キリンビールが飲食店向けに展開するクラフトビール用サーバ「タップ・マルシェ」が好調だ。2017年に首都圏の1000店舗以上に導入。3月に全国展開を開始すると、1カ月もたたないうちに全国2500店舗にまで広がった。
今後、提供するクラフトビールのブランドを増やし、さらに力を入れる。国内のクラフトビール市場(出荷量)は、ビール市場全体の1%未満で、その規模はまだ小さい。ビール市場全体が伸び悩む中、クラフトビールの成長を市場活性化の切り札に掲げる。
タップ・マルシェは、4種類のクラフトビールをセットできる小型サーバ。セットするビールは、1本3リットル入りのペットボトルに入っているため、多品種を少量で仕入れることができる。
17年4月に首都圏の飲食店に提案を開始。「スプリングバレーブルワリー」「グランドキリン」「ヤッホーブルーイング」「ブルックリン・ブルワリー」のブランドをそろえた。居酒屋やバーなど、もともとビールをたくさん提供している店舗だけでなく、映画館やブックカフェ、すし店など、クラフトビールをほとんど置いていなかった場所でも導入が進んだ。
首都圏での好調を追い風に、3月14日から全国に展開。年内に全国5000店舗導入を目標に掲げているが、すでに店舗数は2500店舗を超えた。取り扱い店舗は、全ての都道府県に広がっているという。
好調の理由について、同社企画部の山田精二部長は「クラフトビールの楽しみ方が、ゆっくりと時間を過ごす場所に合っている」と話す。ビールの飲み方といえば、「ジョッキでグイっと」が定番だったが、多種多様なクラフトビールであれば、おしゃれなタンブラーやスイーツに合うものもある。多少ぬるくなってもおいしく飲める。ワインやコーヒーなどに替わる需要があるという。
17年6月にラインアップに加わった「常陸野ネストビール」を製造する木内酒造の谷幸治製造長は「こだわったビールが飲める店で多く提供してきたが、(タップ・マルシェによって)これまでカバーしていなかったところにも広がっている。クラフトビールが身近なものとして浸透してきた」と話す。

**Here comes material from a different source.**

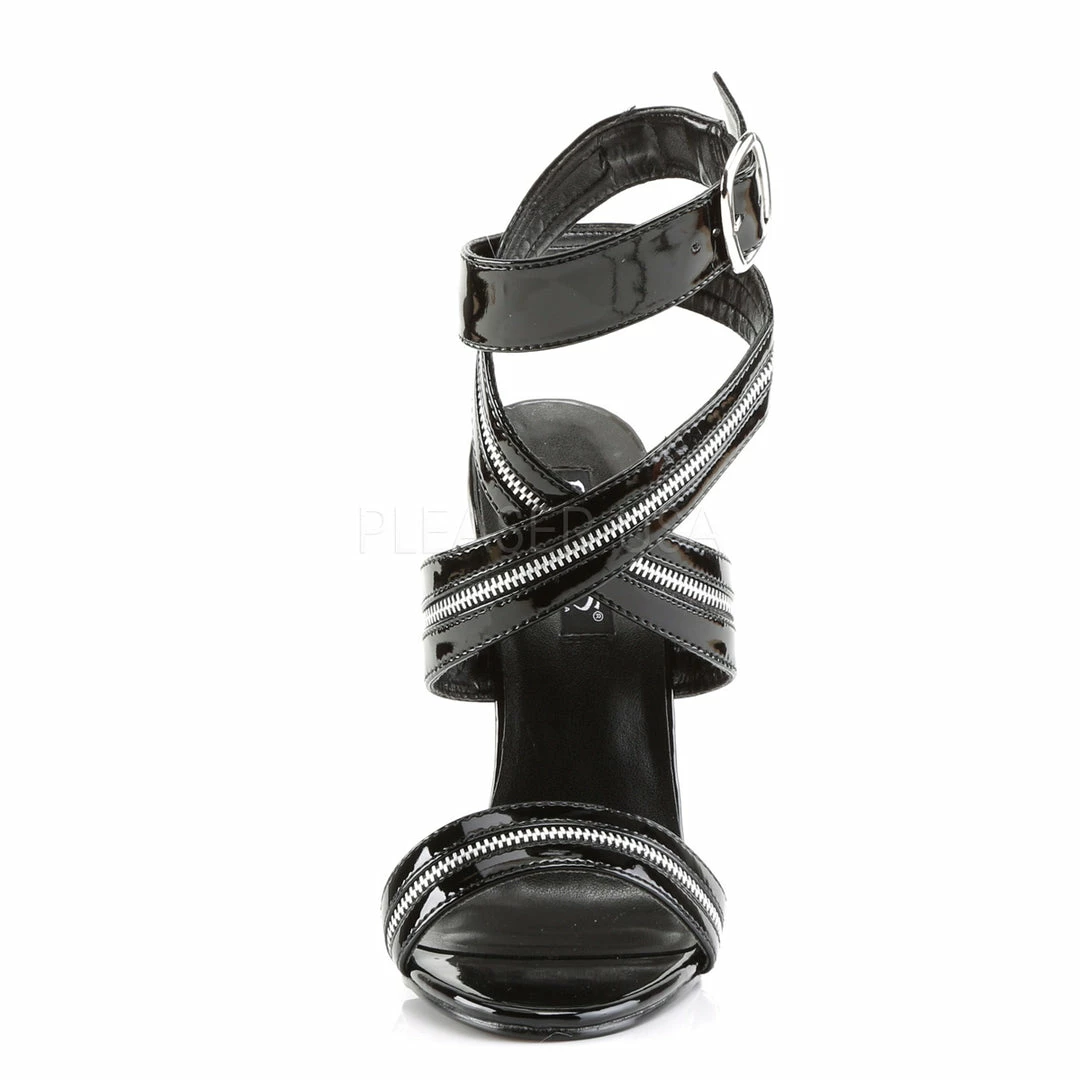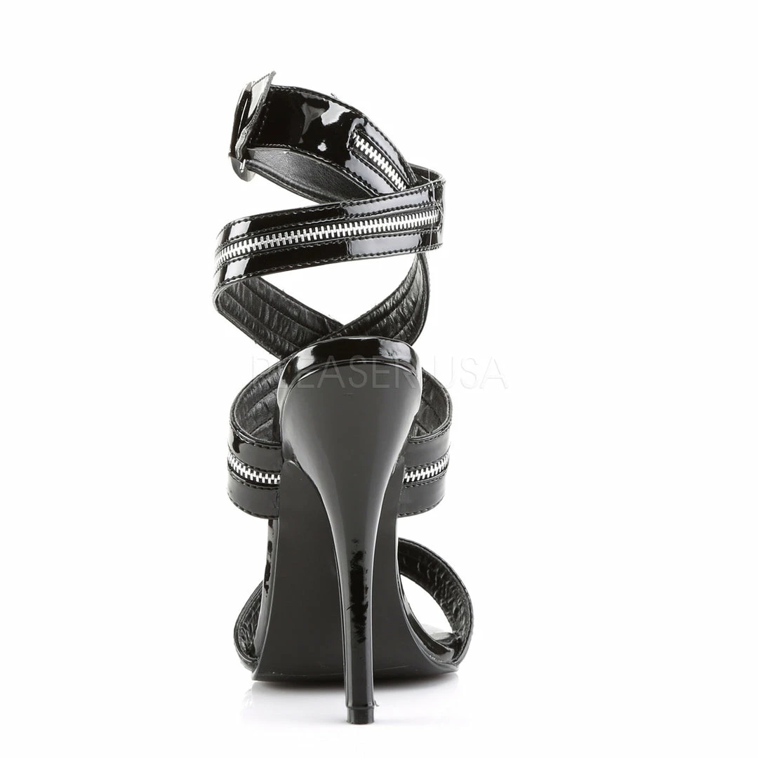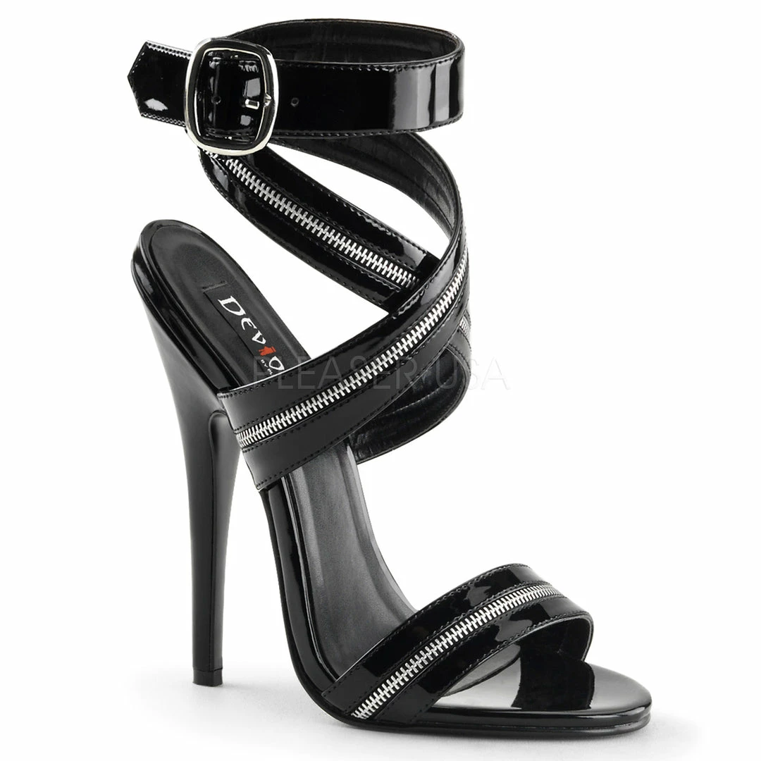 6″ (15.2cm) stiletto heel wrap around zipper inlaid ankle strap sandal.

新たな取り扱いブランドとして、5月28日から「伊勢角屋麦酒」、6月18日からは「Far Yeast Brewing」のブランドをラインアップに加える。計7ブルワリーの17種類を楽しめるようになる。
伊勢角屋麦酒を展開する二軒茶屋餅角屋本店の鈴木成宗社長は、「米国のクラフトビール市場はビール全体の12%だが、日本では1%にも満たない。タップ・マルシェは1本3リットルという絶妙な大きさで、導入してもらいやすい。飲みたくても手に入らなかった人に届けることができる」と期待。同ブランドでは「ペールエール」「ヒメホワイト」の2商品を提供する。
「東京ホワイト」「東京IPA」の2商品をタップマルシェで提供するFar Yeast Brewingの山田司朗社長も「クラフトビールの奥行きを知らない消費者がまだたくさんいる。これまでは試してもらう機会があまりなかった。たくさんの人にアクセスする良い機会をいただいた」と語った。
「美術館や図書館など、『館』という言葉が入る名称の施設にも導入してもらいたい」と、キリンビールの山田部長は意気込む。場所や料理、シーンなど、ビールを楽しむシチュエーションは広がりつつある。自由な楽しみ方が定着すれば、市場で存在感を強めていくかもしれない。